Access to Adequate, Affordable Health Care
Speier represents one of the most innovative areas in the country where cures to the nation's most debilitating diseases like breast cancer and heart disease are being created. But what value is this research to women who lack access to affordable health insurance coverage? Sadly, in 2006, one in five women of childbearing age was uninsured - making them more than 30% more likely to have a serious health problem after giving birth. Uninsured women with breast cancer are up to 50% more likely to die from the disease than their insured friends. This is one of the reasons Speier proudly cast my vote for the health care reform measure, entitled the Patient Protection and Affordable Care Act, in 2010. Because of this law, being a woman can no longer be considered a pre-existing condition. It ended harmful insurance industry practices like denying coverage to women who have suffered from cancer or heart disease. Further, in 2014, more than 11 million women will be eligible for subsidies to help pay for premiums. It also measure prohibited insurance plans from excluding maternity coverage or cancer screenings from plans.

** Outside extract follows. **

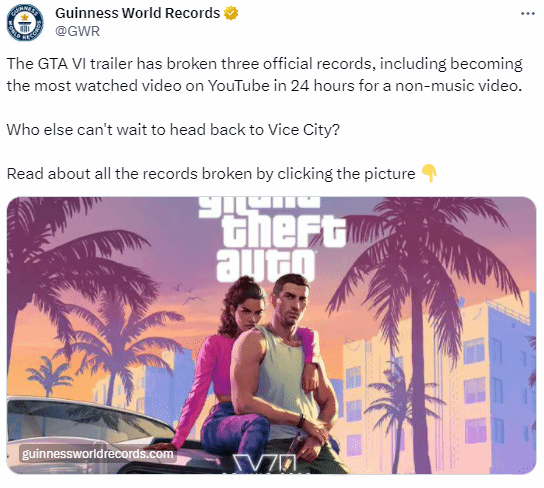 吉尼斯官方宣布,《GTA6》首支预告打破三项世界纪录,分别为YouTube上24小时内观看次数最多的游戏视频、YouTube上获赞最多的游戏预告片、YouTube上24小时内观看次数最多的非音乐视频。
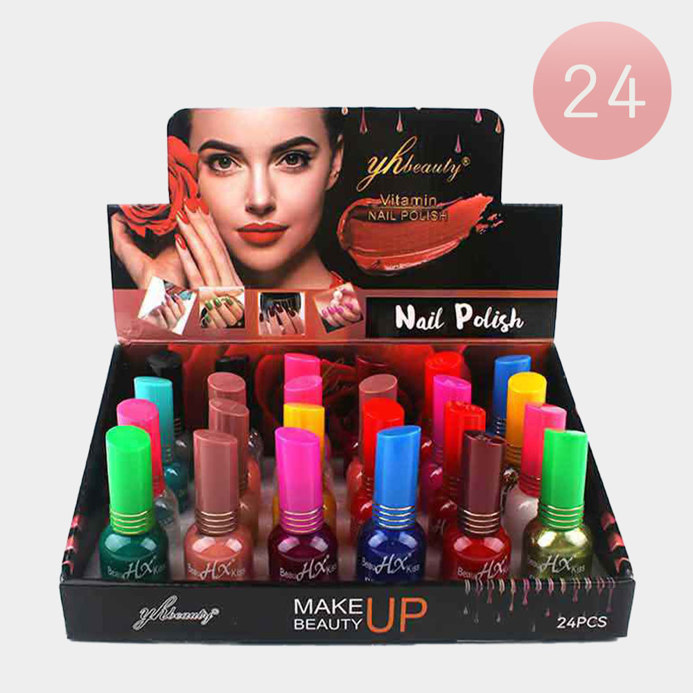 Details • Size : 3.6" L • YHBeauty nail polish set features 24 vibrant shades enriched with vitamin care. Offers smooth application, fast drying, and salon-quality shine for everyday or professional use.

Domestic Minor Sex Trafficking
Human trafficking has become our modern-day slavery and is considered the third-largest and fastest growing criminal industry in the world. What many do not know is that this epidemic is thriving in our country and not only affects foreign victims but also American children. In fact, national experts estimate that as many as 300,000 American children are trafficked each year in the United States and the average age of the victims is 12-14. Evidence shows that the Internet has become the tool of choice for these predators.

In 2010, Speier called on the House Judiciary committee to hold a hearing into this troubling epidemic. The hearing took place in September 2010 and led to a deeper understanding of the issue and a renewed commitment by Congress to improve the lives of the innocent victims affected. But the problem is truly local and must also be tackled at home. That is why Speier launched the San Mateo County Zero Tolerance initiative-a collaborative partnership between law enforcement officials, community members and our non-profit partners. The goals of the initiative are to raise community awareness and ensure that victims have the resources they need and that their perpetrators are brought to justice.

In May 2011, Speier held a collaborative training that more than 150 community members attended. Further, she has held three meetings with law enforcement officials on the topic and is pleased that they have pledged to make this issue a priority.